#### WHAT THE TASK REQUIRES:
Write the lines below out exactly, dropping each picture.
START RAW DATA
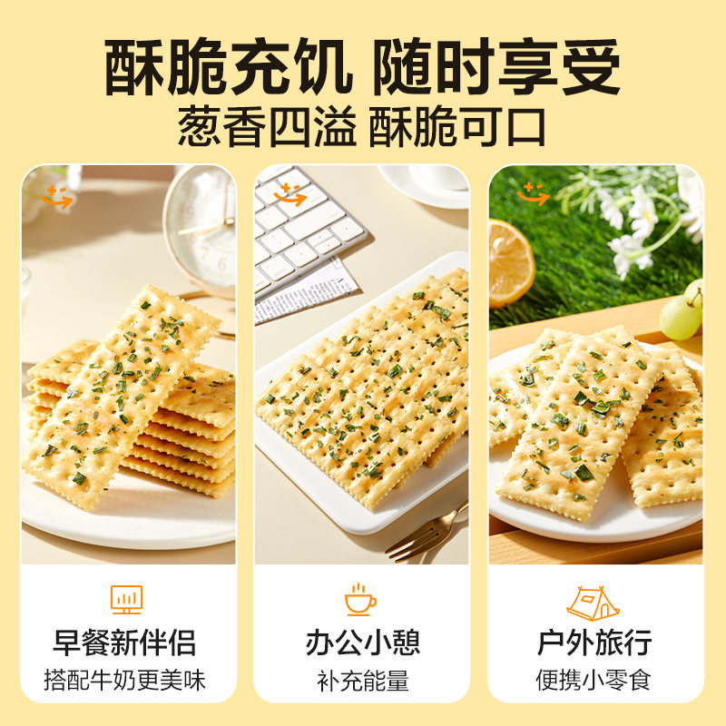 良品铺子香葱苏打饼干薄脆饼干代早餐垫饥下午茶网红休闲零食小吃
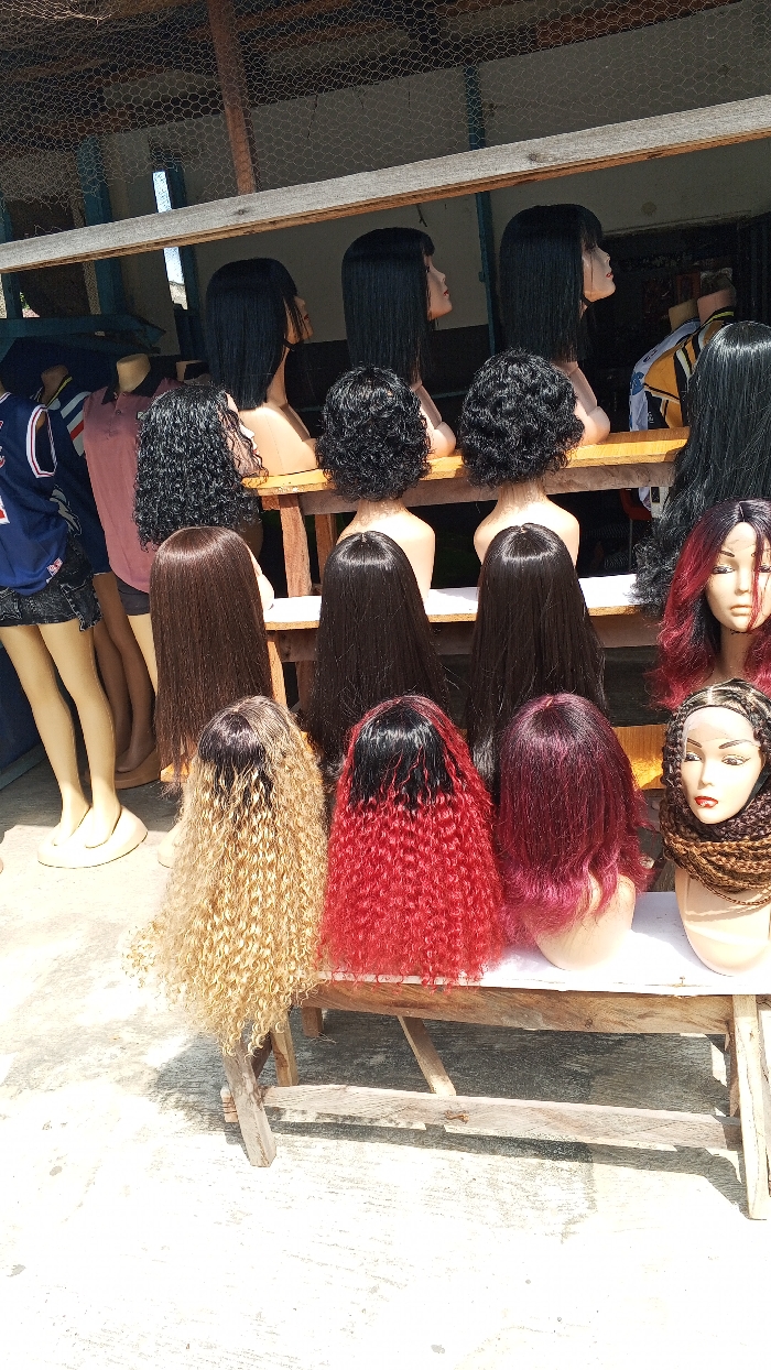 - "A street market stall in Lokoja, Nigeria, displays numerous wigs on mannequin heads, illuminated by bright daylight" by FM-zx5Cv2, licensed under CC BY 4.0
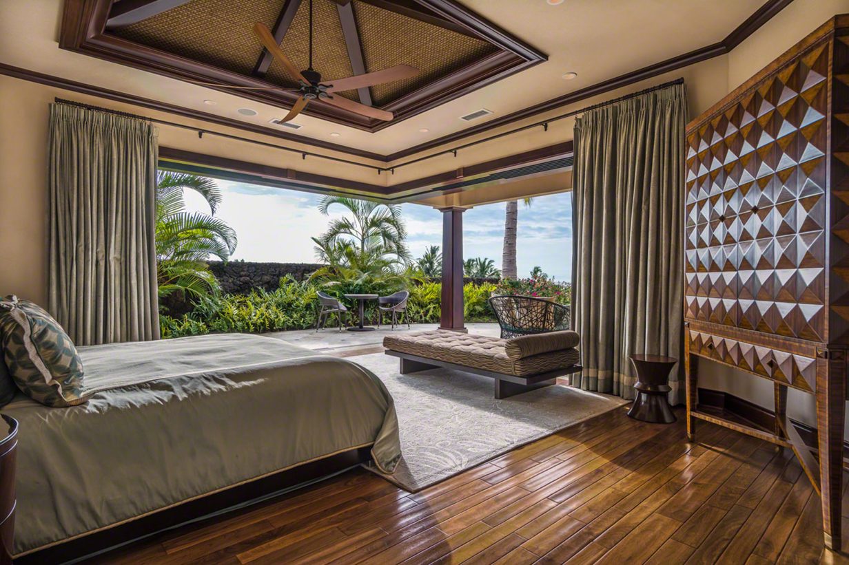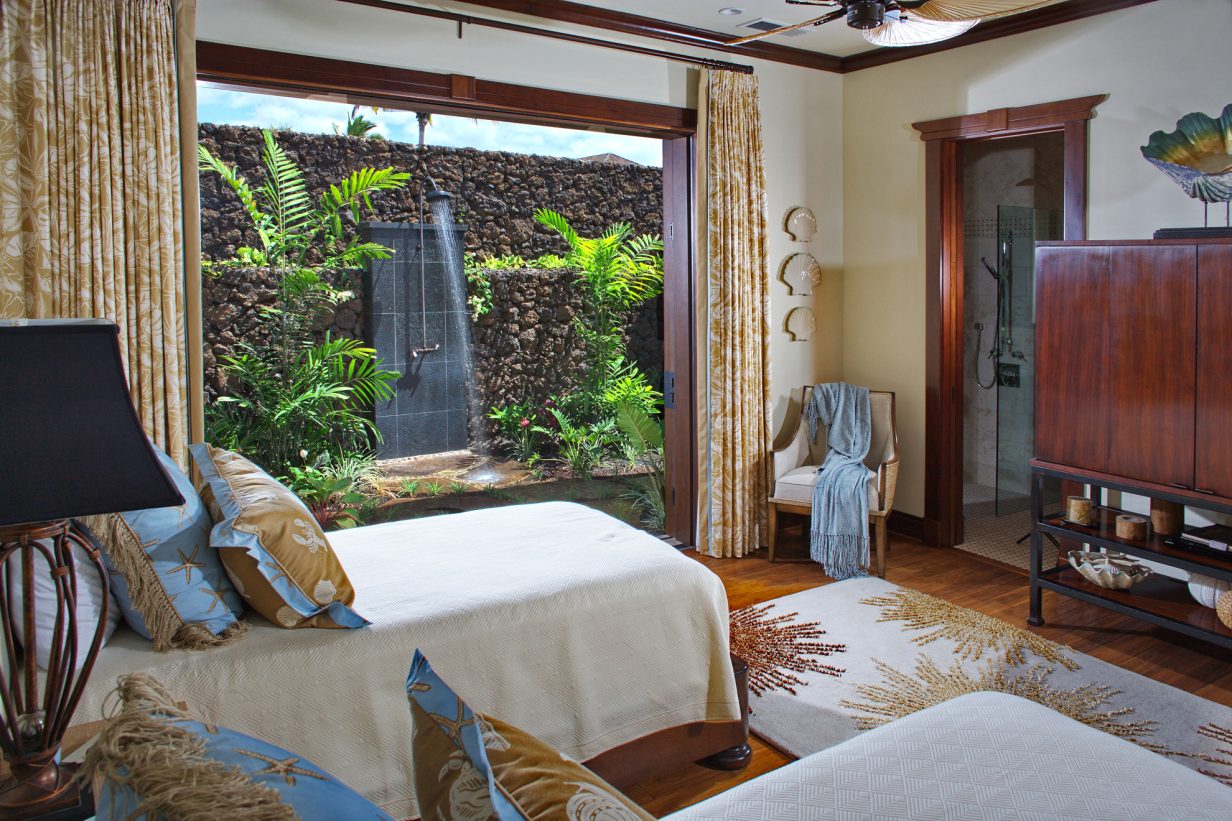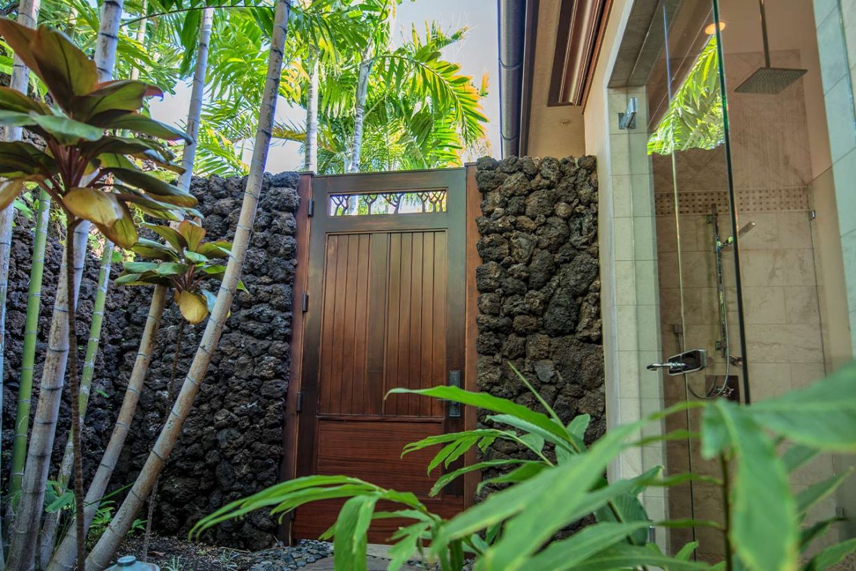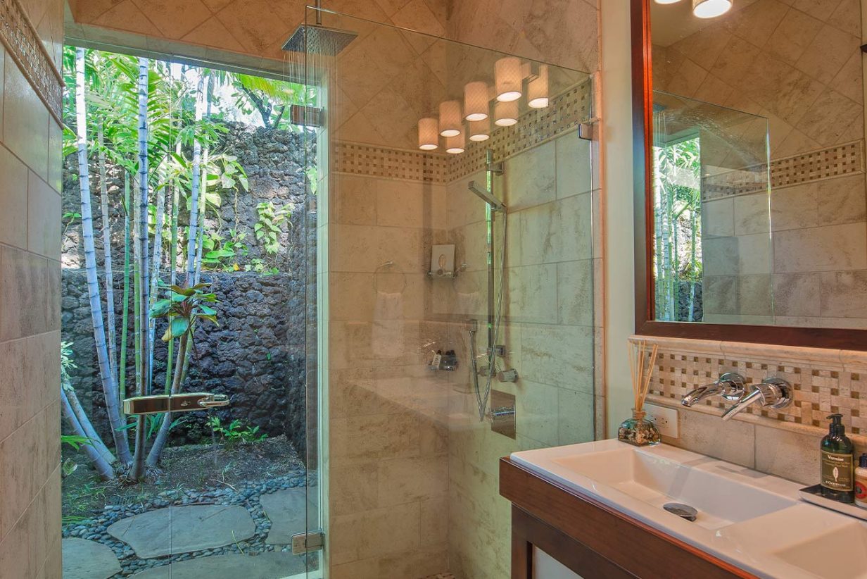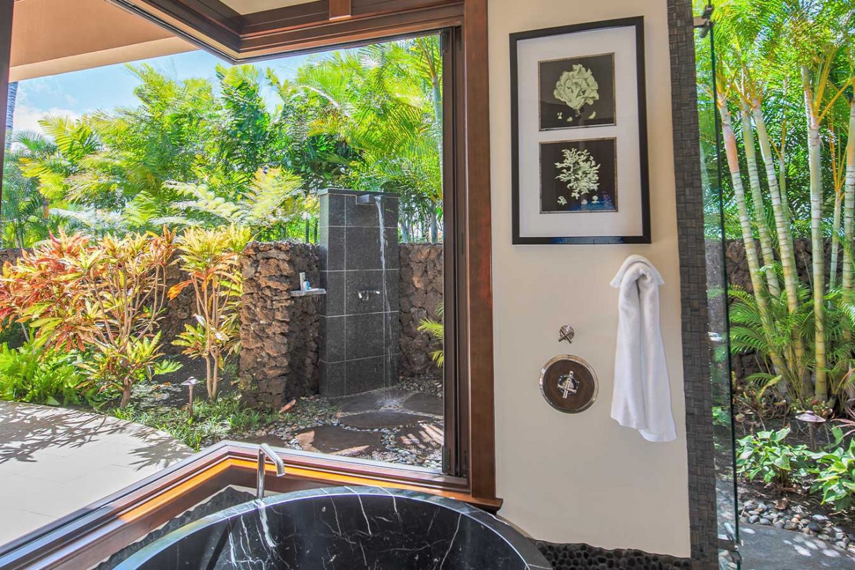 Like the Great Room, the walls of the Master Suite disappear to bring the outdoors into this private retreat. The Master Bath shower is a design marvel in itself as it wraps its user in a steamy cocoon, and the Jacuzzi tub has its own private view of the tropical garden and outdoor shower. Custom drapes and bedding were designed specifically for this home for an extra special touch. Three additional private suites are available in this luxury beach residence each with its own garden outdoor shower lanai, specially designed bathroom, plasma television, and unique custom décor. Two of the Hualalai home rental suites feature King beds and the third offers two Fulls. The fifth guest bedroom is its own vacation home in itself separate from the main home. The four-poster king-sized bed and vintage Asian décor make this suite uniquely charming. It has its own private kitchenette and breakfast nook. With both indoor and outdoor showers, double sinks, and a standing glass shower, this suite rivals the Master Suite in privacy and amenities.
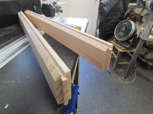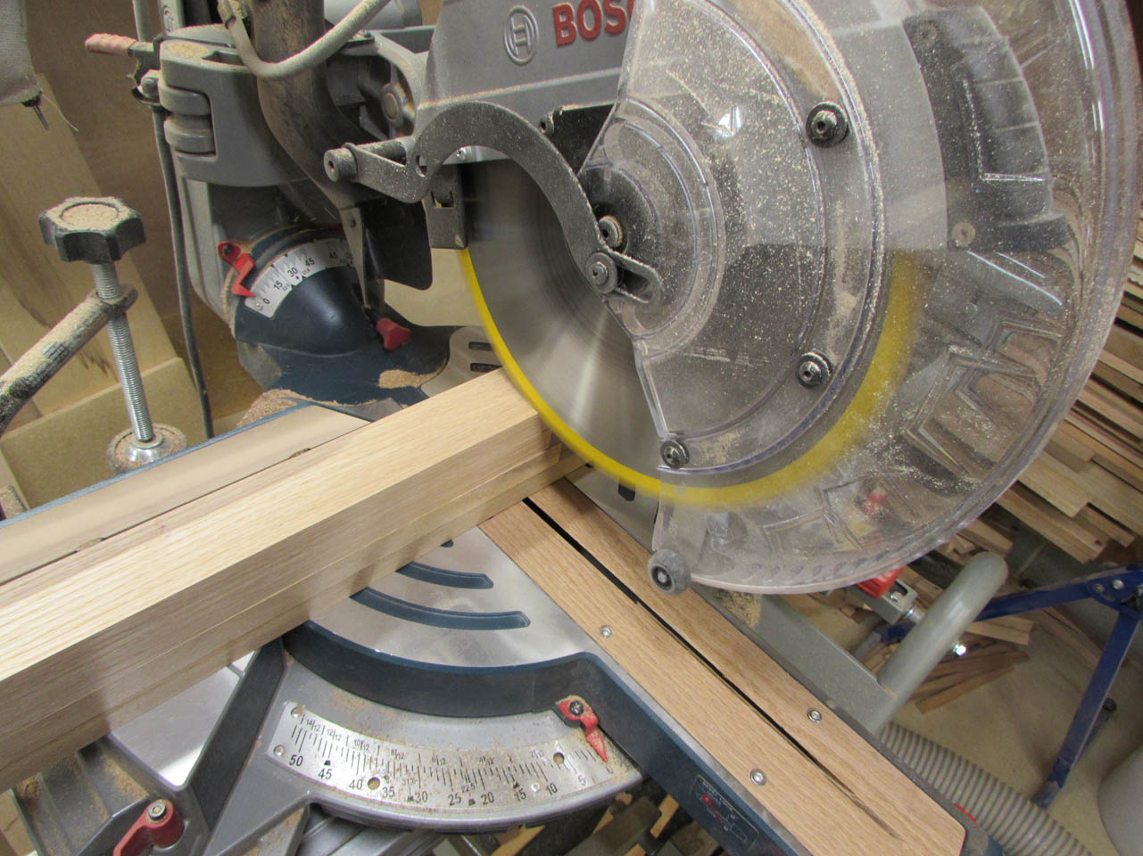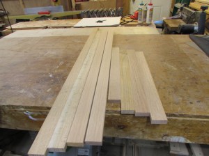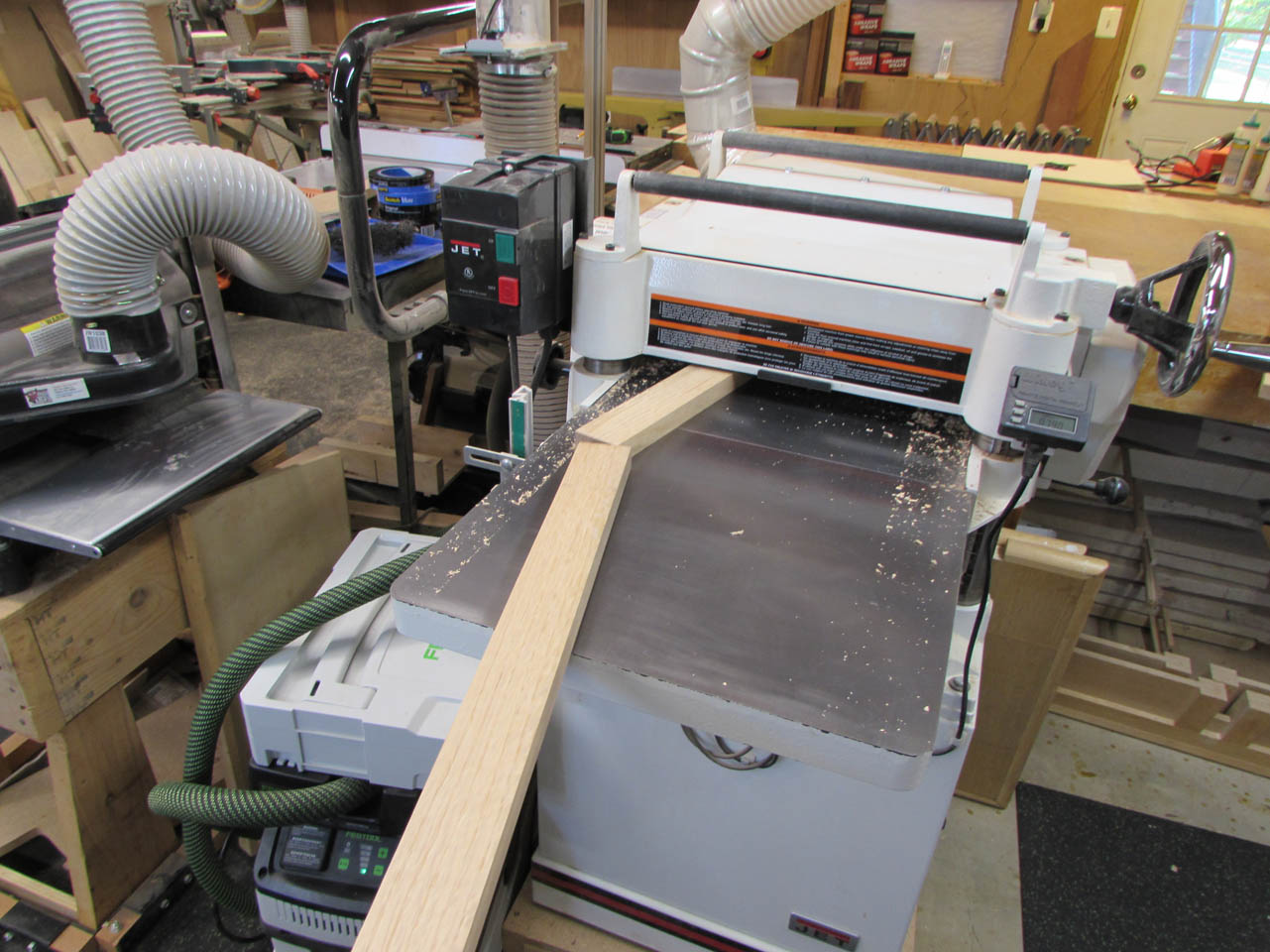 I have a lot of oak off-cuts from the last project, so I rough-cut them to length and started flattening them on the jointer.
END RAW DATA
#### THE ANSWER:
 良品铺子香葱苏打饼干薄脆饼干代早餐垫饥下午茶网红休闲零食小吃
 - "A street market stall in Lokoja, Nigeria, displays numerous wigs on mannequin heads, illuminated by bright daylight" by FM-zx5Cv2, licensed under CC BY 4.0
 Like the Great Room, the walls of the Master Suite disappear to bring the outdoors into this private retreat. The Master Bath shower is a design marvel in itself as it wraps its user in a steamy cocoon, and the Jacuzzi tub has its own private view of the tropical garden and outdoor shower. Custom drapes and bedding were designed specifically for this home for an extra special touch. Three additional private suites are available in this luxury beach residence each with its own garden outdoor shower lanai, specially designed bathroom, plasma television, and unique custom décor. Two of the Hualalai home rental suites feature King beds and the third offers two Fulls. The fifth guest bedroom is its own vacation home in itself separate from the main home. The four-poster king-sized bed and vintage Asian décor make this suite uniquely charming. It has its own private kitchenette and breakfast nook. With both indoor and outdoor showers, double sinks, and a standing glass shower, this suite rivals the Master Suite in privacy and amenities.
 I have a lot of oak off-cuts from the last project, so I rough-cut them to length and started flattening them on the jointer.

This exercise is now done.